*INFORMATION SHOWN*
+ + + + + + +

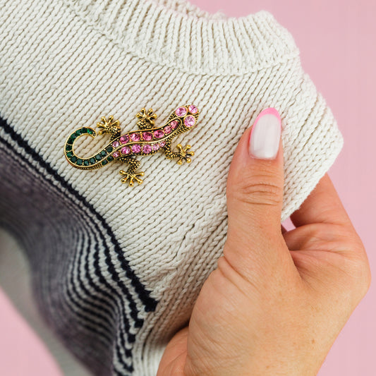 Gekon Jaszczurka broszka Pinets z różowymi i zielonymi cyrkoniami Złota
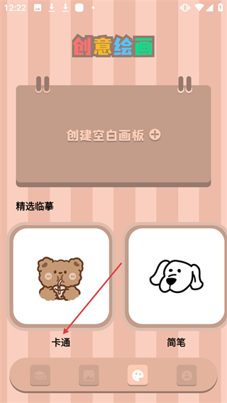2、进入【创意绘画】界面后,点击【卡通】选项,可进入卡通图案临摹列表。
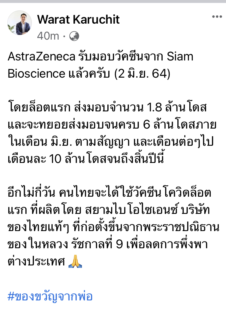“AstraZeneca รับมอบวัคซีนจาก Siam Bioscience แล้วครับ (2 มิ.ย. 64) โดยล็อตแรก ส่งมอบจำนวน 1.8 ล้านโดส และจะทยอยส่งมอบจนครบ 6 ล้านโดสภายในเดือน มิ.ย. ตามสัญญา และเดือนต่อๆไปเดือนละ 10 ล้านโดสจนถึงสิ้นปีนี้

+ + + + + + +

Restate word for word the lines beginning with the one that contains "2、进入【创意绘画】界面后,点击【卡通】选项,可进入卡通图案临摹列表。" and ending with the last line of the listing; pictures stay out.

2、进入【创意绘画】界面后,点击【卡通】选项,可进入卡通图案临摹列表。
“AstraZeneca รับมอบวัคซีนจาก Siam Bioscience แล้วครับ (2 มิ.ย. 64) โดยล็อตแรก ส่งมอบจำนวน 1.8 ล้านโดส และจะทยอยส่งมอบจนครบ 6 ล้านโดสภายในเดือน มิ.ย. ตามสัญญา และเดือนต่อๆไปเดือนละ 10 ล้านโดสจนถึงสิ้นปีนี้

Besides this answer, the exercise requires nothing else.